Près de lui, un âne broutait l'herbe maigre. Tout à coup des grelots s'agitèrent au loin ; un bruit de roues se fit entendre ; l'âne dressa les oreilles.
C'était une voiture pleine d'enfants joyeux, conduite par un papa heureux, et qui rentrait au logis. A la vue de l'homme couché près du fossé, le papa, mettant son cheval au pas, car on montait une côte, s'écria soudain :
"Bon ! encore un qui aura bu plus qu'il ne convient, même en ces temps de vendanges ! Heureusement, il a eu l'esprit de ne pas s'allonger en travers du chemin."
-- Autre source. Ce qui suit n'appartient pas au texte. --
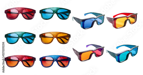 Colorful Sunglasses Collection on White Background for Summer Fun, isolated on transparent background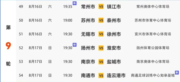 江蘇省城市足球聯賽第九輪對陣表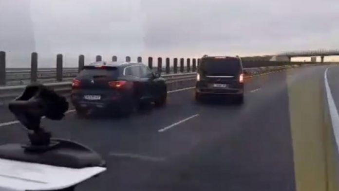 Practic, unul dintre șoferi nu îi permite celuilalt să îl depășească și îi taie calea ori de câte ori acesta încearcă o depășire. Impactul între cele două mașini este evitat în ultimul moment. Cei doi şoferi au fost filmați pe Autostrada Timișoara – Arad.

A la vive surprise de tous, l'âne releva la tête, regarda sévèrement celui qui venait de parler ainsi, agita les oreilles, et l'on entendit ces mots sortir, un peu confus, de ses longues dents :
"Ami, pourquoi juger témérairement ? Mon maître est un honnête homme qui ne s'enivre jamais. En ce moment, il se repose..."
Mais Aliboron n'en put dire davantage, car les enfants, effrayés, suppliaient leur père :
"Partons ! Oh !... partons, papa !..."
La place fut nette en un instant.
Peu après, trois cyclistes passèrent ; la montée ralentir leur allure ; ils avaient chaud.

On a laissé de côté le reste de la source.